The college program would be situated on the church site under an arrangment involving UNICO International, an Italian-American service organization. The service organization will give the church 30 to 40 acres in the Anaheim Hills where the church wants to build a new church and elementary school, Simmons said. The church would then provide its 2.9-acre site on Euclid Street in Anaheim for the college.

Church officials also have their own appeal to make tonight. Last month, the Planning Commission ordered the church to shut down its eight-year-old day-care and elementary school programs by June 30 because they have been operating without a permit. The church had requested a three-year phase-out period.

Simmons said that the school has not been operating illegally because the church has a permit to operate its church and church-related activities. “We certainly looked at a Christian school as being a church-related activity,” he said.

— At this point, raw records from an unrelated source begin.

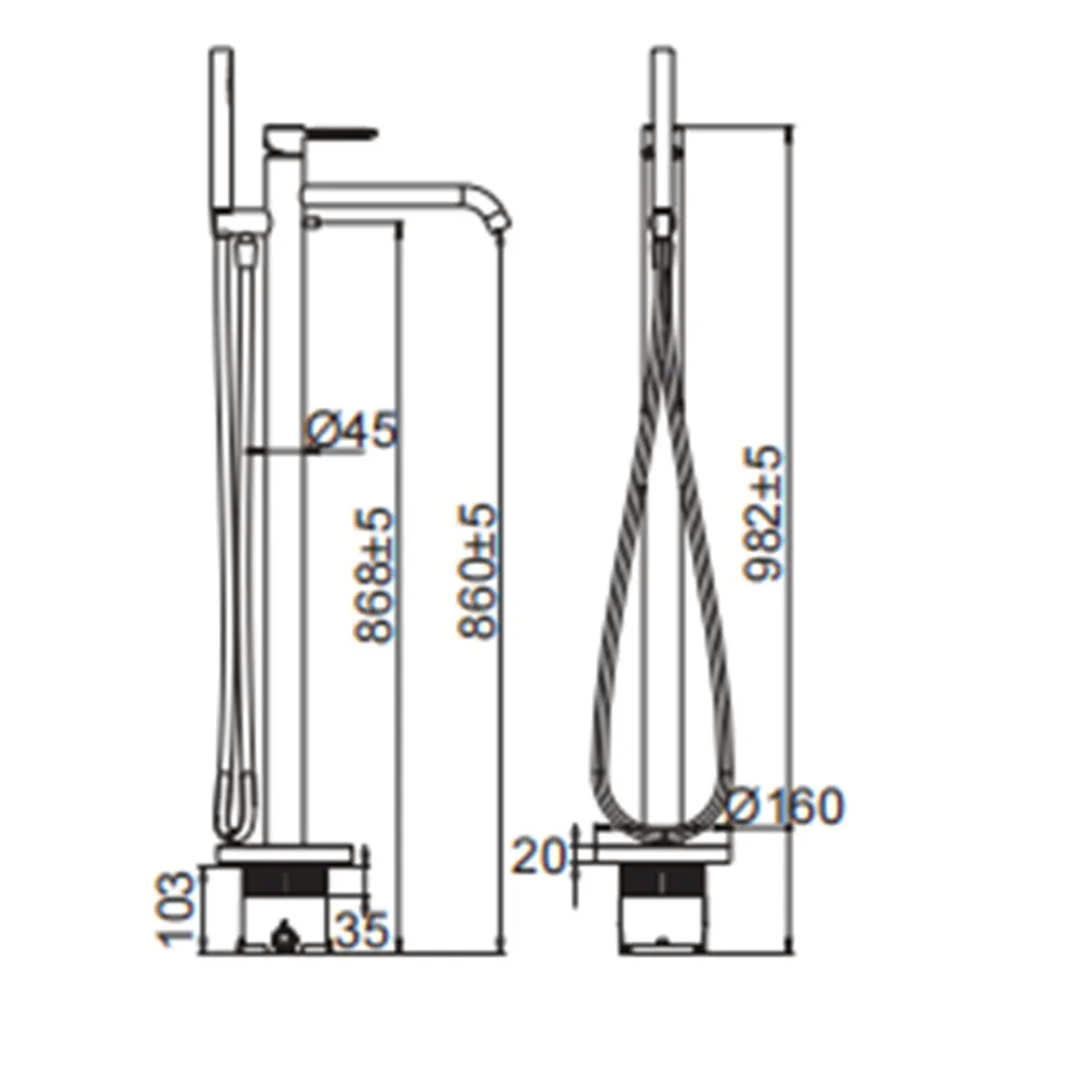 Vòi xả bồn nóng lạnh kèm sen tắm (loại gắn sàn)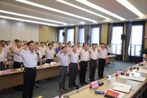 会议在庄严的国歌声中隆重开幕。随后,在公司党委委员、副总经理刘军带领下,全体党员重温了入党誓词。公司党委委员、副总经理冯旭松宣读了公司党委表彰决定。公司班子成员为获奖集体和个人颁奖。
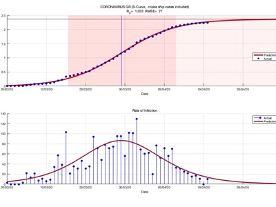Η καμπανοειδής καμπύλη προβλέπει πως περίπου στις αρχές με μέσα του Μάη, η Ελλάδα θα είναι σε θέση να φθάσει τον ελάχιστο ή μηδενικό αριθμό νέων κρουσμάτων εφόσον τα μέτρα θα εφαρμοσθούν με αυστηρότητα μέχρι τέλους και δεν συμβεί κάτι αφύσικο.
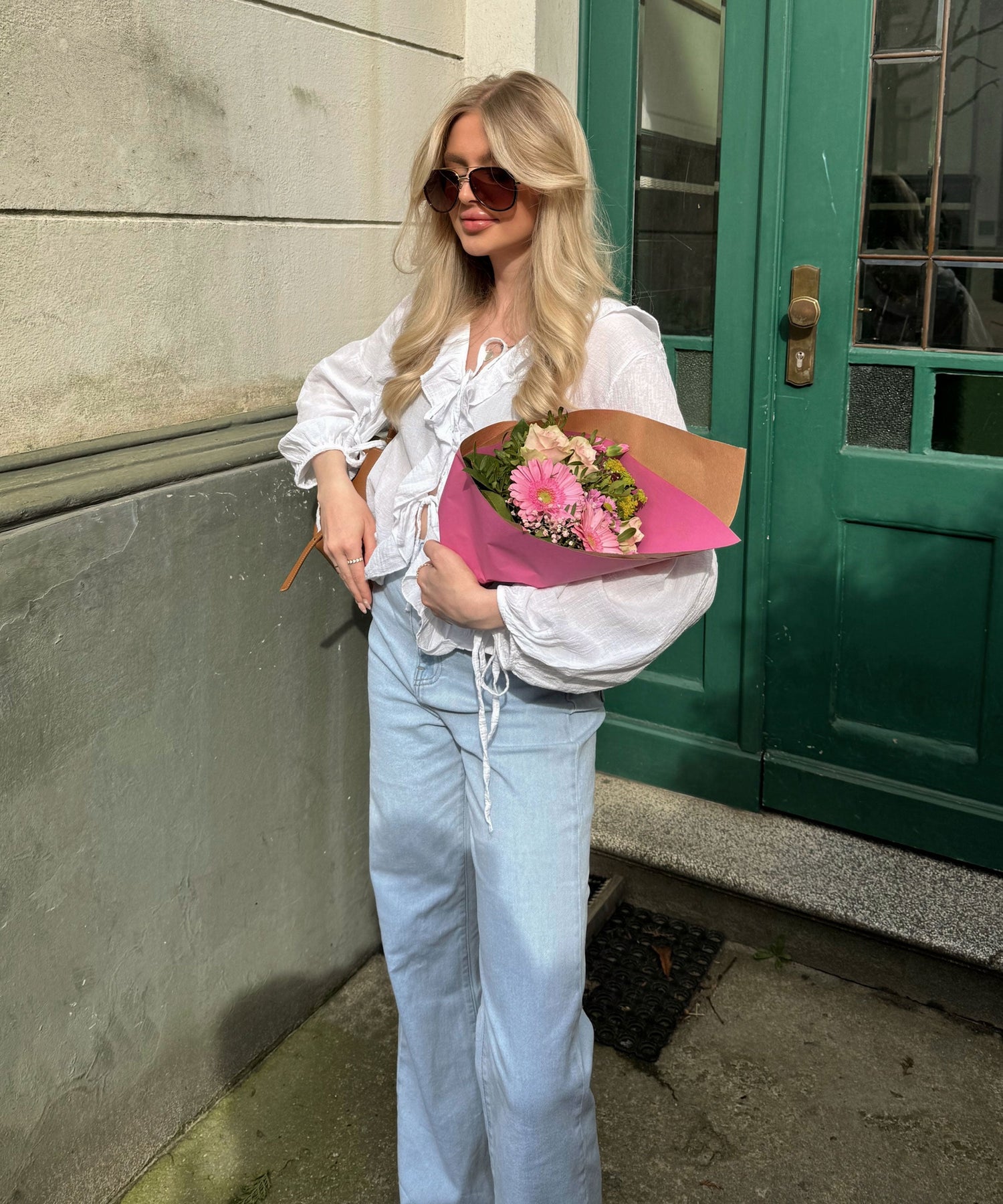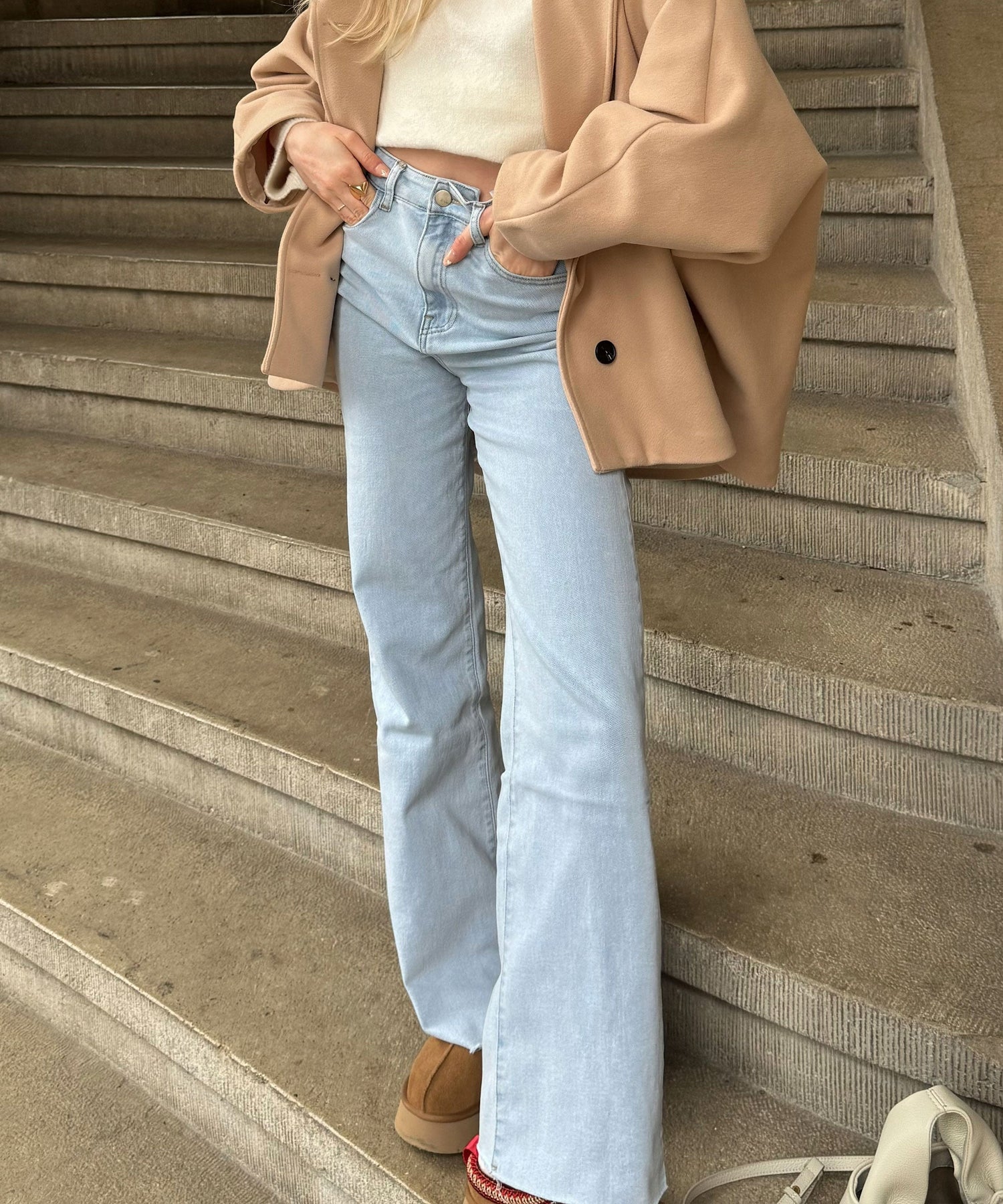 Deze jeans zijn gemaakt van premium denim en zijn zacht maar duurzaam, met precies de juiste hoeveelheid stretch om de hele dag met je mee te bewegen. Of je ze nu combineert met een ingestopte blouse voor een verzorgde look of een casual T-shirt voor een relaxte vibe, deze jeans met wijde pijpen zijn perfect voor elke gelegenheid.

But residents who have collected more than 300 signatures and letters to protest any school on the site say church activities have gotten out of hand. Neighbors complain that the church school, which has about 260 students in buildings at 1408 S. Euclid Street, has created traffic and noise problems.

Congestion Feared

“The noise has been atrocious and our neighbors have been complaining for years,” said Dorothy Rubin, a longtime resident of Chanticleer Road. Rubin and others fear the congestion will continue if Hope University is allowed to take over the church site.

Rubin also said neighbors are “very concerned that our property values will drop.” She expressed particular fear about a Planning Commission condition that will allow the college to build residential units for 100 mentally retarded people.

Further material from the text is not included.